### DIRECTIONS
Nothing but the lines from the one containing "2022年,中国移动曾采购1" through the last line of the data below should be returned, each exactly as it stands, pictures excluded.

### SUPPLIED MATERIAL
····················

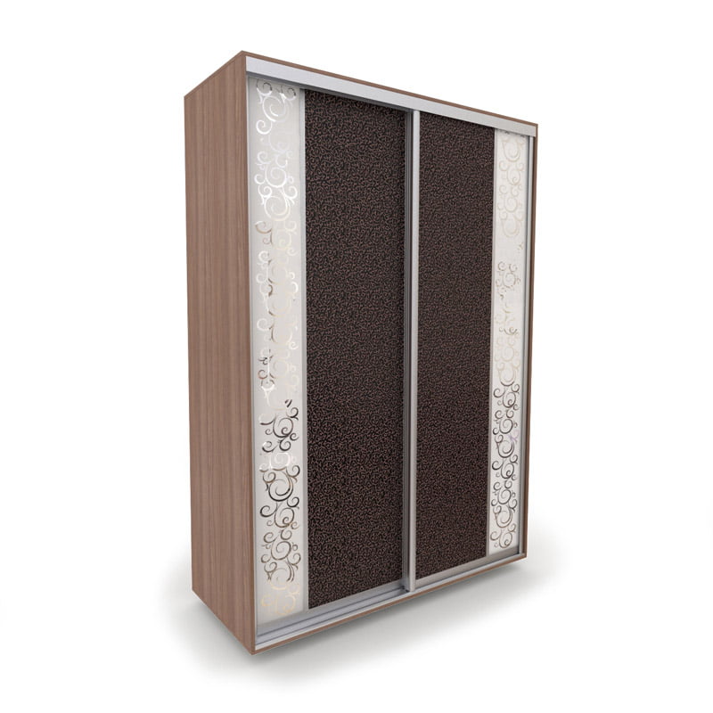 Двери купе выполнены в комбинации эко-кожи "Лоза" и зеркальной вставки с пескоструйной обработкой. Рисунок обработки "спирали", фон матовый, рисунок - зеркальный. Для темных тонов ЛДСП корпуса используется темный цвет эко-кожи, для светлых тонов – светлая. Высококачественный толстостенный алюминиевый профиль цвета хром матовый.
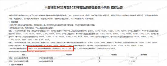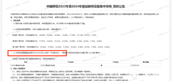2022年,中国移动曾采购178763套CWDM基站前传设备,该标包最高投标限价约3.30亿元(不含税),最高单价约1844.76万元(不含税)。
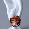 おしゃべりなピアス 15 まる ブラウン リーフ おおぶり サージカルステンレスピアス 一点もの ビーズ刺繍
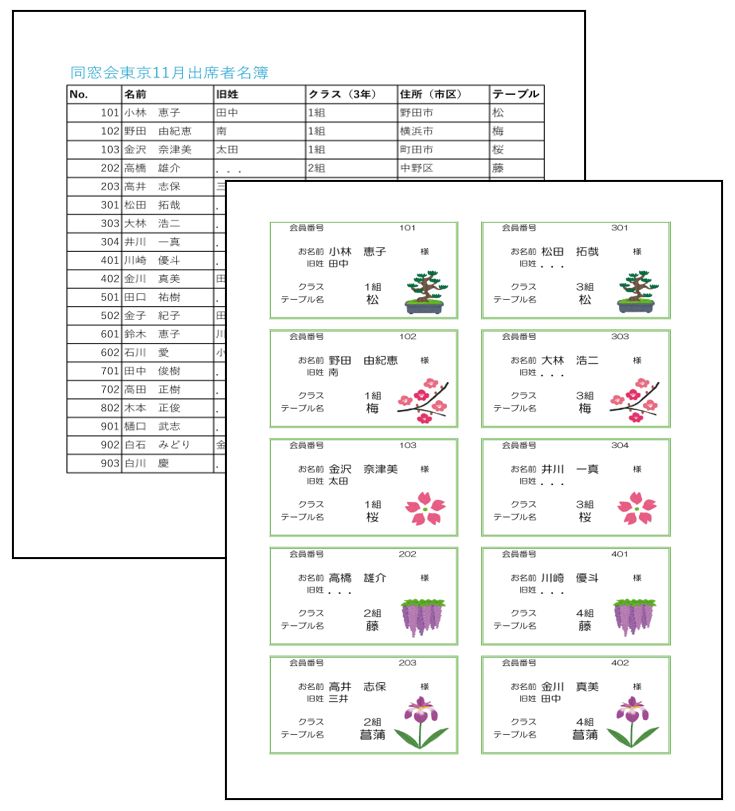また、会員番号を入力すると名前、旧姓、クラスと着席するテーブル名の入る席札を作ります。

····················

### WRITTEN SOLUTION
2022年,中国移动曾采购178763套CWDM基站前传设备,该标包最高投标限价约3.30亿元(不含税),最高单价约1844.76万元(不含税)。
 おしゃべりなピアス 15 まる ブラウン リーフ おおぶり サージカルステンレスピアス 一点もの ビーズ刺繍
また、会員番号を入力すると名前、旧姓、クラスと着席するテーブル名の入る席札を作ります。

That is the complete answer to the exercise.